Howard Jennie 4
Research Summary
AI-generated summary
Noble (NE) SVP Jennie Howard Receives RSUs; Shares Withheld for Taxes
What Happened
Jennie Howard, Senior Vice President, General Counsel & Corporate Secretary of Noble Corp (NE), had restricted stock units (RSUs) convert into 9,016 Class A ordinary shares on February 3, 2026. To cover tax withholding obligations, 3,550 of those shares were withheld (980 + 2,570) at an effective price of $36.43 per share, totaling $129,326 ($35,701 + $93,625).

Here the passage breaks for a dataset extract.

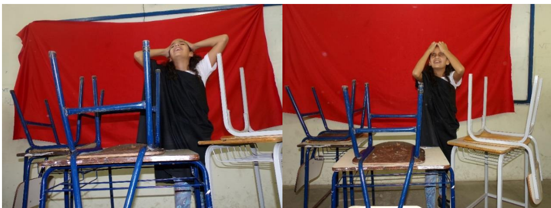
Figura 11 e 12 – Antígona se desespera. Creonte, apesar de se revoltar contra o profeta cego, resolve soltar Antígona, mas já é tarde demais.

The net shares issued to Howard after withholding were 5,466. The filing shows the RSUs were converted (derivative exercise/conversion) and shares were withheld to satisfy taxes — this is a vesting/event-driven transaction, not an open-market buy or sale.
Key Details
- Transaction date: 2026-02-03; Form 4 filed 2026-02-05 (timely).
- Vesting/conversion: 9,016 RSUs converted to shares (2,485 + 6,531).
- Tax withholding: 3,550 shares withheld (980 and 2,570) at $36.43/share = $129,326.
- Net shares received: 5,466.
- Shares owned after transaction: not specified in the provided filing details.
- Transaction codes: M = exercise/conversion of derivative (RSU conversion); F = shares withheld to satisfy tax withholding.
- Footnotes: RSUs convert 1-for-1 to Class A shares (F1); withheld shares are to satisfy tax on RSU vesting (F2); vesting schedules noted in filing (grants dated Feb 3, 2023 and Feb 3, 2025 with three-year annual installments) (F3, F4).
Context: This was a routine RSU vesting with cashless withholding for taxes — common for employees receiving equity compensation. It is not an open-market purchase or sale that would necessarily indicate a change in insider sentiment.